In my post of 17 July I suggested that it was no surprise Cambodia acted as China wished in relation to the South China Sea issue at the time of the ASEAN Ministerial Meeting held in Cambodia.
Given Chinese aid, it was always likely that Cambodia would balk at agreeing to a joint communique that, in effect, was critical of China. While critics of Cambodia's actions referred to it as China's 'puppet' or 'pawn', far too little attention was given to just how large China's aid to Cambodia, particularly relative to other sources.
For many years it has been difficult to quantify the exact size of China's aid, but a new assessment from the Washington-based Center for Strategic and International Studies draws attention both to the size and the relative importance of the aid by comparison with that received from other donors:
China offers Cambodia $2.5 billion in investments and soft loans.

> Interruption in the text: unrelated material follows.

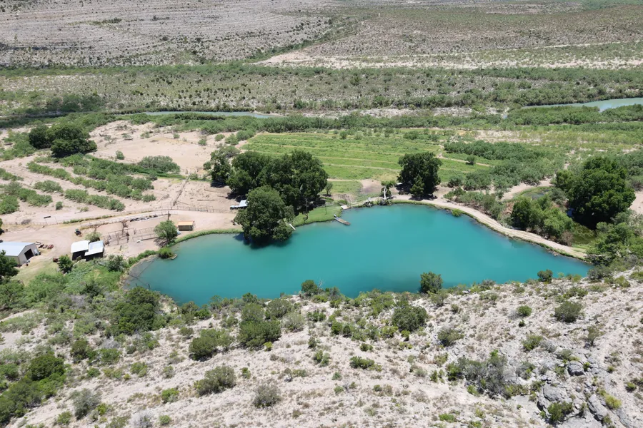 Well known as one of Terrell Countys proudest features, Banner Ranch boasts 2 springs and nearly 1.3 miles of river frontage. Because the ranch is south of Independence Creek and other springs that feed into the river, the water is pure and clean. The Banner Ranch truly is an oasis. The main spring flows at a steady 2,000 gallons per minute and has never been known to weaken under drought conditions. Water continuously flows from the spring into a beautiful historic reservoir built by men using mule teams and a mule drawn grader. Drainage pipes are in place from the reservoir to provide irrigation to approximately 18 acres of farmland that have been used to grow Alfalfa. Livestock production and hunting continue to be commonly held practices on the ranch.
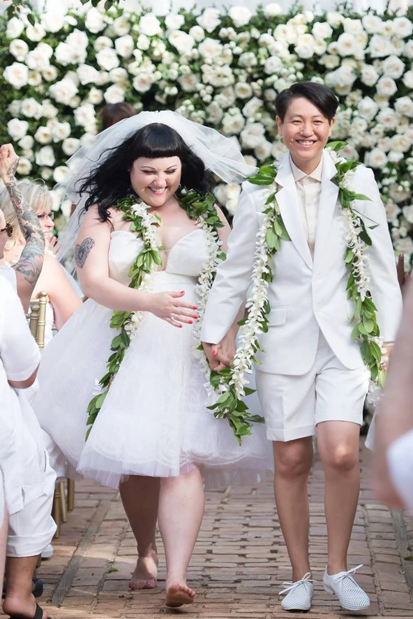 Beth Ditto, a The Gossip énekesnője hozzáment barátnőjéhez, Kristin Ogatához, akivel már régóta jártak. Az esküvőt a Hawaii-szigeteken, pontosabban Mauin tartották. A ceremóniáról többet nem tudunk, de annyi bizonyos, hogy a menyasszony egy Jean-Paul Gaultier ruhában mondta ki a boldogító igent párjának, és mindezt mezítláb tette.

Chinese prime minister Wen Jiabao pledged to give Cambodia $500 million in loans for infrastructure projects following a September 12 visit to China by Cambodian prime minister Hun Sen. China also approved a $2 billion industrial park project that would produce 3 million tons of steel per year and employ up to 10,000 Cambodians. Chinese investment in Cambodia totaled $1.9 billion in 2011, more than double the investment by all ASEAN countries combined and 10 times that by the United States. Cambodian officials rejected speculation that the aid was a Chinese thank-you for Cambodia's support for China on the South China Sea, parts of which are disputed between China and four of Cambodia's Southeast Asian neighbors.